How Arizona arrogantly jumped the line of other security and law enforcement interests.

Another offending flaw in SB 1070 that DOJ lawyers emphasized, and Judge Bolton accepted, was the impact the law would have on Federal law enforcement and immigration control agencies. DOJ filed with the District Court affidavits from top law enforcement administrators of agencies like DHS and the FBI in Arizona. The affidavits supported the DOJ argument that enforcement of SB 1070 would mean Federal immigration and law enforcement personnel and computer systems would be burdened by responding to a tsunami of immigration status inquiries from local Arizona law enforcement.

Those calls from the patrol car or from the booking area of a local city jail in Arizona have to be answered and processed by someone. Employees of Federal agencies will have to respond in real time to give the information requested by officers in the midst of detentions and arrests.

On this argument Judge Bolton's analysis evoked visions of a Homeland Security or customs agent placing "on hold" a call from a Sky Marshall seeking information about the immigration status of a passenger on a jet bound for the United States while she responded to a request for information from an officer detaining a driver of pick-up truck filled with garden tools on a street in Arizona.

Arizona police officers would be demanding attention and thereby diminishing resources the Federal government was trying to focus on more serious threats from outside our borders. Federal resources to meet that challenge would be reduced while tending to Arizona's political hissy-fit over illegal immigration.
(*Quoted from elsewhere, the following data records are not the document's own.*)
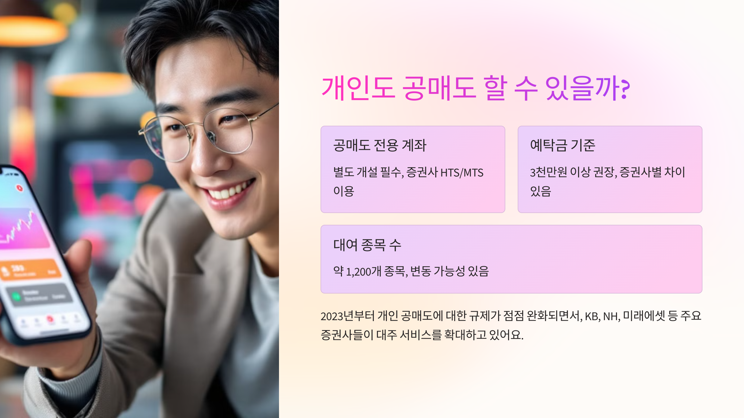 우리나라에서는 '공매도=기관만의 무기'라는 인식이 강하지만, 최근에는 개인도 참여할 수 있는 길이 열리고 있어요. 다만 조건이 존재하니, 바로 다음 섹션에서 확인해볼게요! 🔍
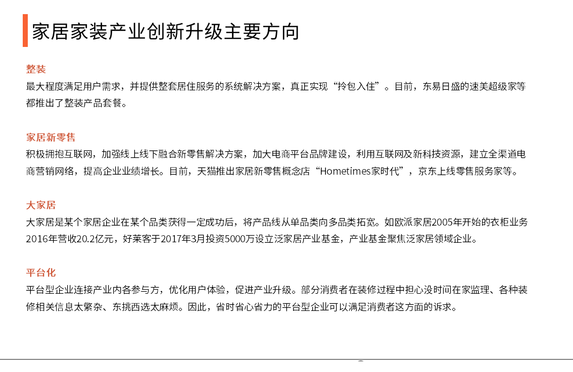 傢居傢裝産業創新陞級主要方曏
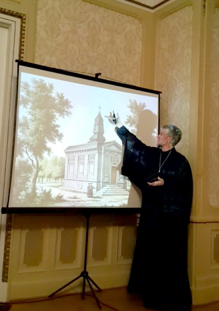 Священник Дмитрий представил вниманию присутствующих историю храма-усыпальницы в Иреме, где в крипте покоятся земные останки Александры (о чём к сожалению не знала часть слушателей ), рассказал об архитектуре храма и его внутреннем убранстве, главным украшением которого является иконостас работы академика живописи Васильева В.В. подаренный храму Александром III к столетию со дня рождения Великой княгини в 1883 г.
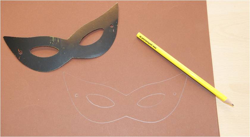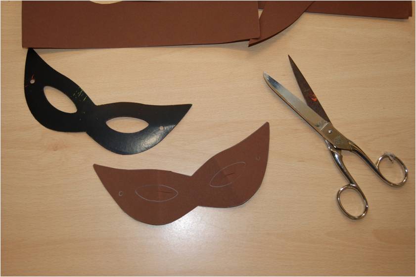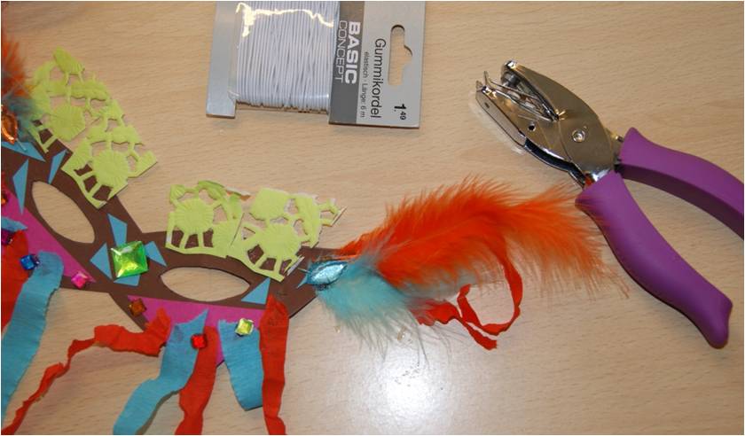 Jetzt musst du an den Seiten deiner Maske nur noch zwei Löcher ausstanzen und eine Schnur einfädeln , damit du die Maske auch tragen kannst.
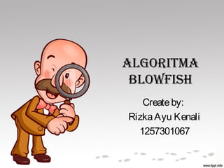 Algoritma Blowfish merupakan algoritma kunci simetri blok cipher yang dirancang untuk menggantikan DES. Blowfish menggunakan skema Feistel network dengan 16 putaran dan blok ukuran 64 bit dengan panjang kunci variabel antara 32-448 bit. Blowfish dianggap aman karena belum ditemukan kelemahan yang berarti dan pesan yang dienkripsinya sulit dibobol tanpa kunci.
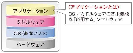 ソフトウェアは、大別すると(1)OS(基本ソフト)、(2)ミドルウェア、(3)アプリケーションソフトの3種類に分けることができる。OSはアプリケーションの開発・稼働に必要な基本機能だけをもったソフトで、ミドルウェアはOSにはない複数のソフトに活用できる汎用的な機能をもち、アプリの開発・稼働を中間(ミドル)層でサポートするソフトである。また、アプリは特定の作業を行うためだけに開発されており、基本機能を「応用する」という意味の英語でアプリケーションと呼ばれる。
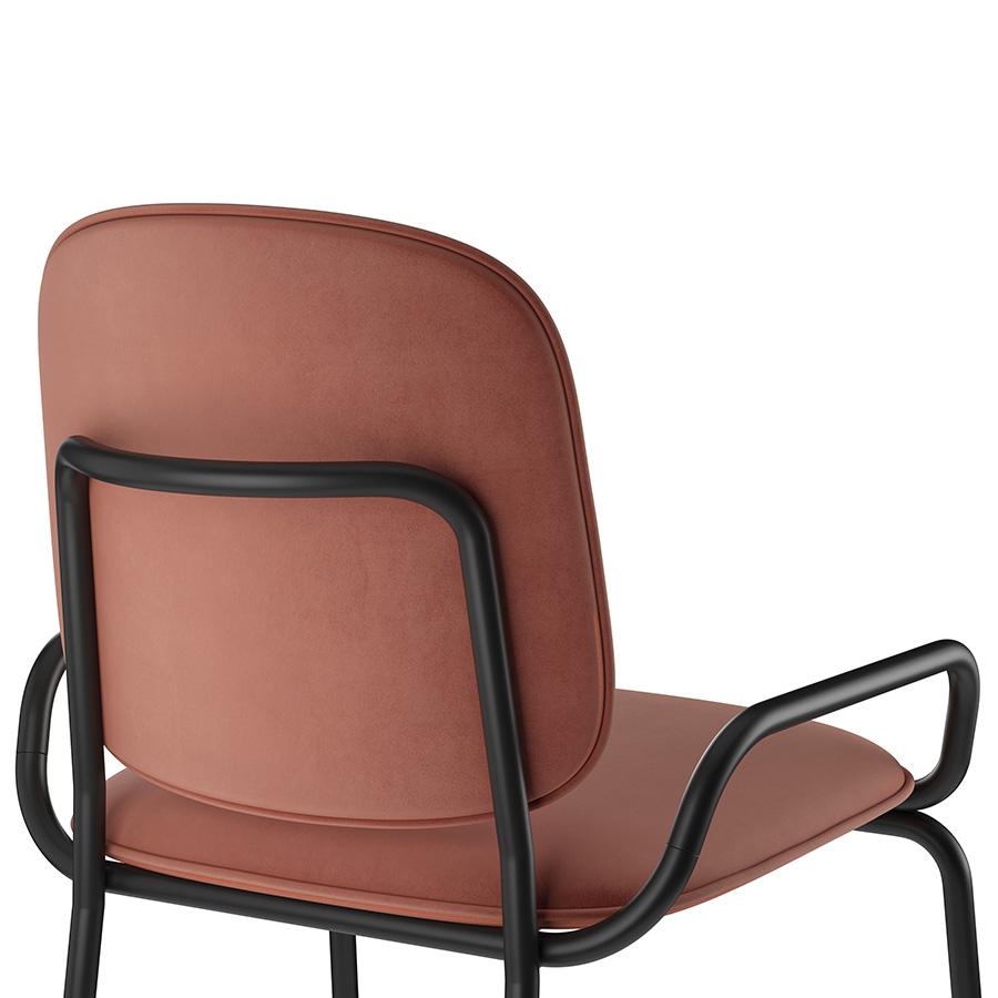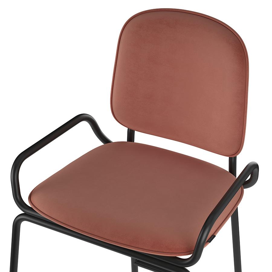 Коллекция Ror – это мебель с индивидуальным характером. Отправной точкой создания линейки стало динамичное движение, воплощенное в логотипе Олимпиады 80, где беговые дорожки образуют силуэт Спасской башни. Стул полубарный Double Frame имеет удобную посадку за счет высокой спинки и широкого основания. Ножки плавно переходят в подлокотники и в нижней части соединяются металлической рамой, которая служит подставкой для ног. Такое дизайнерское решение создает дополнительный комфорт во время сидения. Стальной каркас с порошковым покрытием делает конструкцию прочной и надежной, а мягкий велюр с бархатистой текстурой обеспечивает приятные тактильные ощущения. Используемый в качестве наполнителя пенополиуретан отличается оптимальной плотностью и жесткостью. Все материалы отвечают высоким стандартам практичности, долговечности и экологической безопасности. Стул украсит интерьер кафе и ресторана, а также прекрасно подойдет для оформления обеденной зоны и кухонного острова в доме или квартире. Материалы: сталь, фанера, 100% пенополиуретан, 100% полиэстер. Размеры: 52,7х53,9х98,5 см. Максимальная нагрузка: 136 кг. Цвет: черный/темно-красный. Загрязнения удалять с поверхностей мыльным раствором воды при помощи мягкой губки или салфетки.
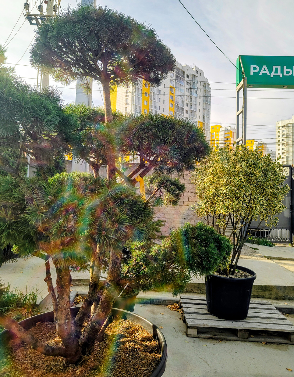 На входе вижу величественное хвойное растение, умело превращённое в живую скульптуру в стиле Бонсай/Ниваки.
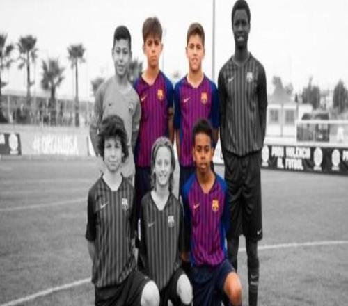 这里有一张他们在U12参加7人制足球比赛时的合照,除了亚马尔、库巴西和贝尔纳尔之外,还有兰德里-法雷、乔迪-索塞多、大卫-萨斯和吉伯特-乔丹纳。
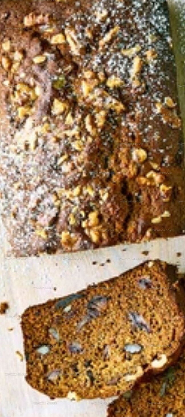 Chop walnuts and fold 3/4 of them into the cake batter. Pour the mixture into the prepared loaf tin. Sprinkle the remaining walnuts on top for extra crunch.
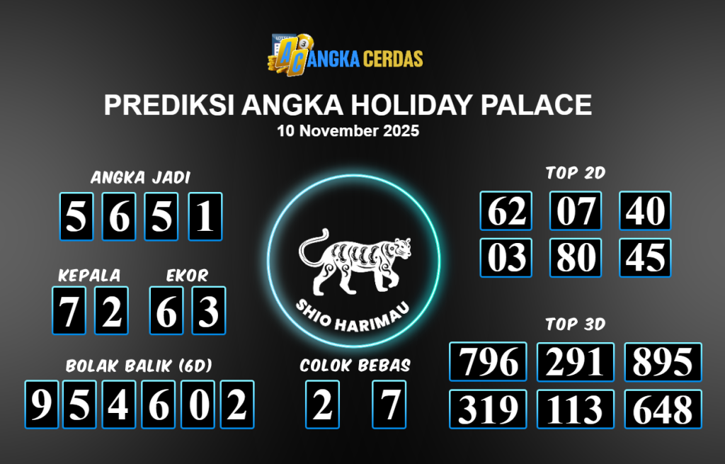 Prediksi Togel HOLIDAY PALACE untuk hari ini Senin 10 November 2025, adalah salah
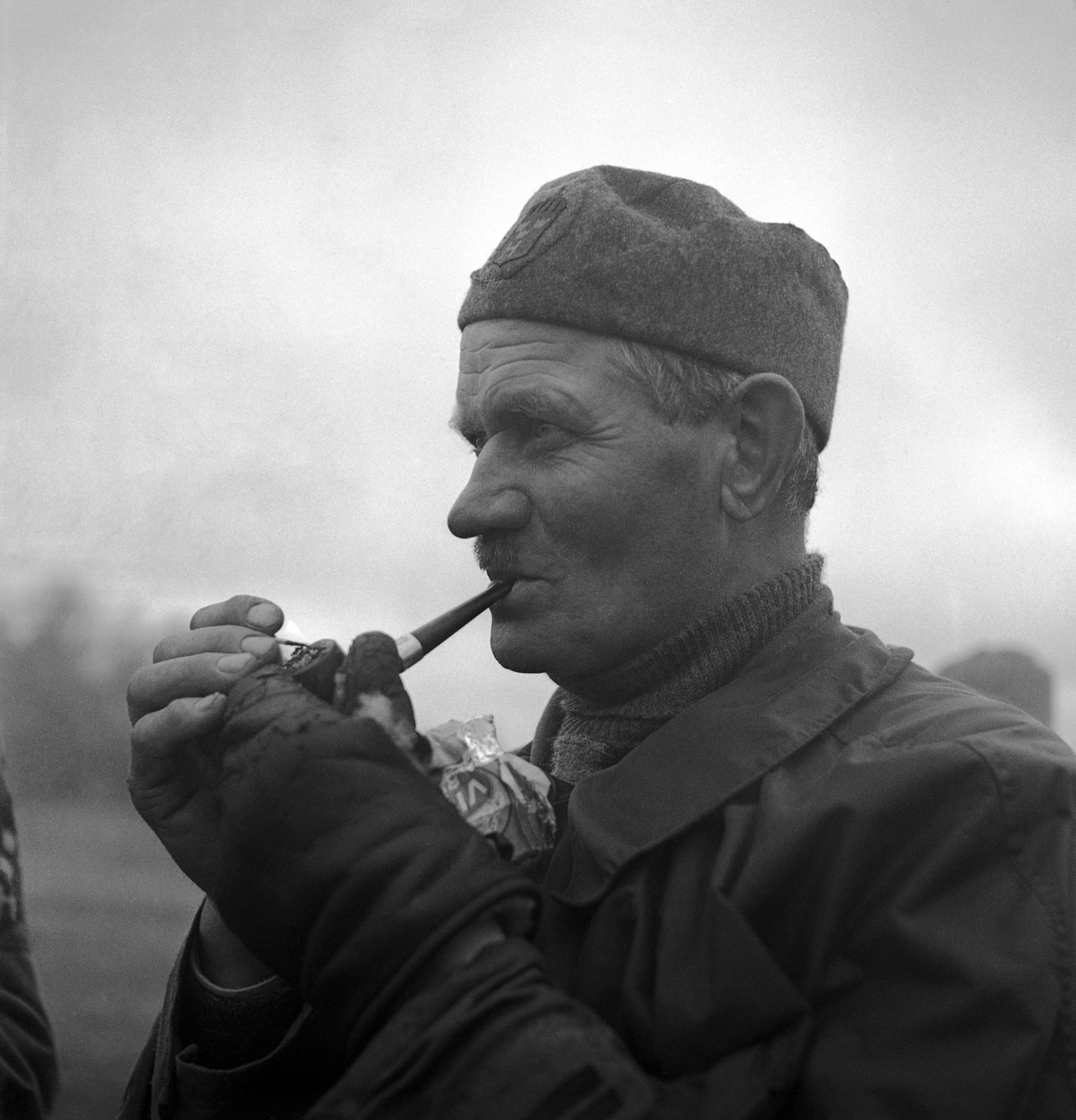 Titel: Hemvärnet. 20/4, 1941. En äldre hemvärnsman röker pipa.
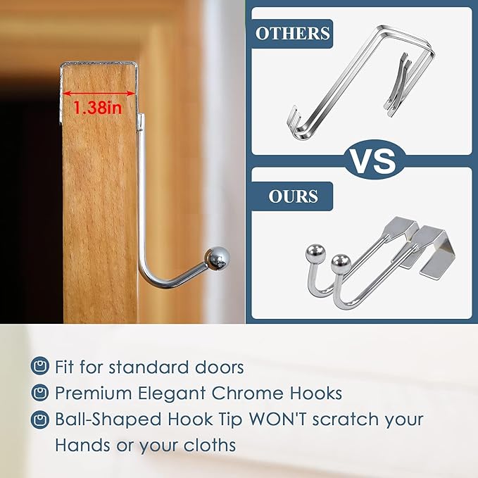 - 2 Wide Metal Hooks & Adhesive- The 1.38â wide over-door hooks are specially designed with BALL-SHAPED HOOK TIPS to avoid scratching clothes or fingers. Premium THICKNESS & WIDTH ensure the hooks hang stably on the door. They never deform, slide out of place, or scratch your door easily like those cheaper hooks. Two damage-free adhesives are included for your use.
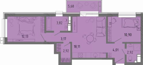 Продаётся квартира 307 площадью 63,66 м2 в новом ЖК СОК
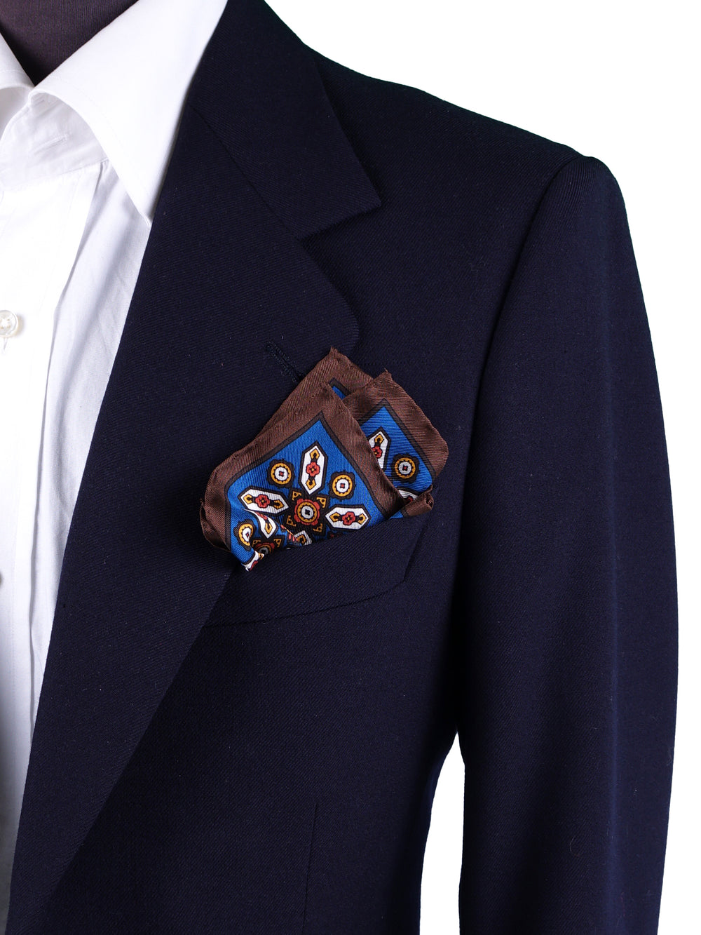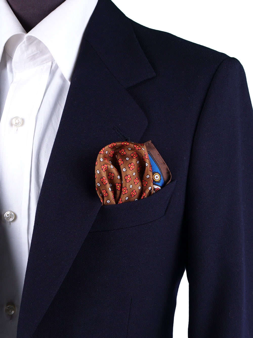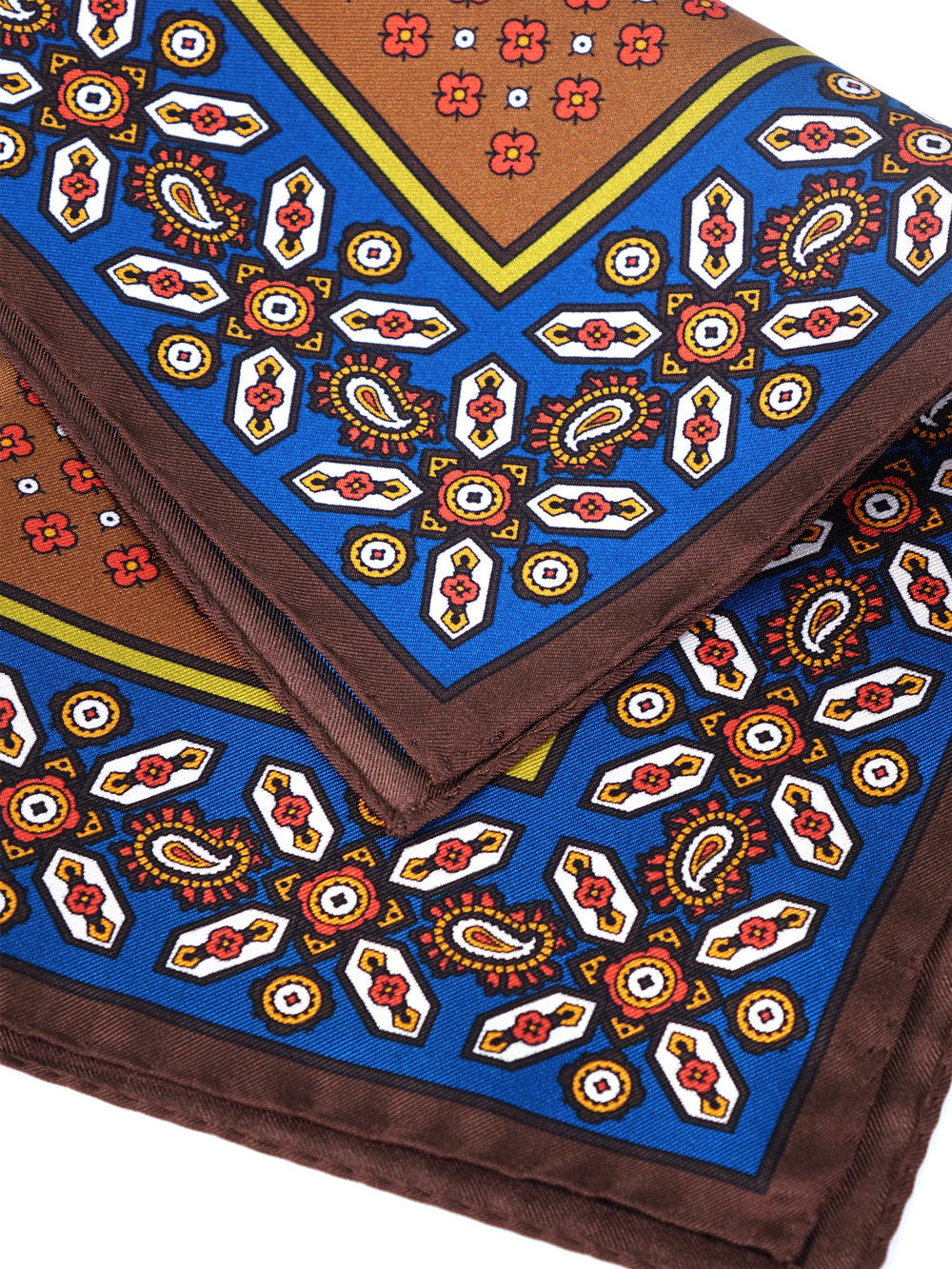 Un accessorio che è un'esplosione di colore e di stile, il pezzo forte della collezione Autunno/Inverno ZAZÀ per l'uomo che ama i dettagli che fanno la differenza. Questo fazzoletto da taschino è realizzato in purissima seta stampata italiana, un tessuto dalla lucentezza ricca e dalla mano morbida e scivolosa. Il suo design è un capolavoro di equilibrio: un campo marrone con un micro-motivo floreale arancio è incorniciato da una sontuosa bordatura blu con dettagli cachemire e geometrici, il tutto racchiuso da un bordo finale marrone scuro. Questa complessità lo rende incredibilmente versatile, permettendo di creare effetti sempre nuovi a seconda di come viene piegato nel taschino.
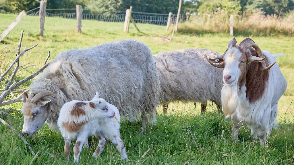 Flumo hat weißes Fell mit braunen Flecken - genauso wie Ziegenbock Rune, der seit Jahren mit einer kleinen Schafsherde auf der Koppel hinter dem Haus lebt. Der einzige Schafsbock in der Herde hat dunkles Fell. Der kleine Bock ist geboren worden, als auf dem Hof das Flugmodus-Festival veranstaltet wurde. Daher war der Name für den Nachwuchs schnell klar: Flumo.
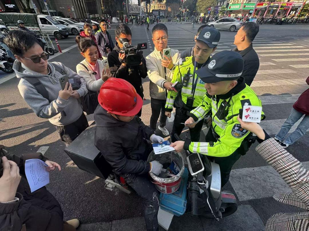 新规实施首日,路面执法情况如何?记者来到广州交警设于海珠区江南大道同福东路口的查车点直击现场。
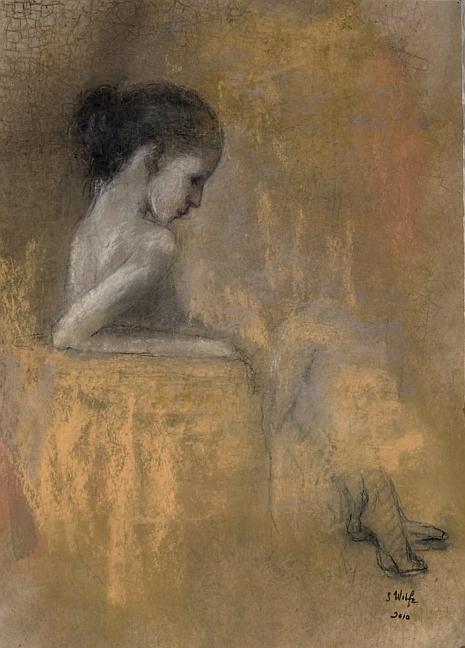 By Sarah Wolfe, also featured at Atlanta Decorators's Showhouse and Gardens 2010, this mixed media piece on paper is named "Morning".

How a dangerous political challenge was met and is being rebuffed.

At a fundamental level SB 1070 was nothing more than a states' rights power play by the Arizona legislators and governor. In retrospect it may have been nothing more than a bluff, known by those who received legal advice before enactment to be unlikely to remain standing. Perhaps they surmised the Federal government would not want to bring a challenge (or it would hurt the Administration if they did so.) Thankfully, DOJ called Arizona's bluff.

The DOJ, led by Attorney General Eric Holder, and in particular the Civil Division legal team fielded by Assistant Attorney General Tony West, should be complimented for advancing a precise Supremacy Clause argument and winning a victory on grounds that would not heat up the rhetoric of racial and ethnic stereotyping. Judge Bolton should be commended for unblinkingly pointing out constitutional flaws written into the procedures enacted by SB 1070. Arizona's political vigilantes rode into a legal box canyon they devised through using a combustible mix of political and legal bluster; the DOJ rounded them up and restored constitutional law and order.

How the lawsuit can be a model for defusing incipient states' rights rebellions that challenge the Federal government (a.k.a. Obama administration?)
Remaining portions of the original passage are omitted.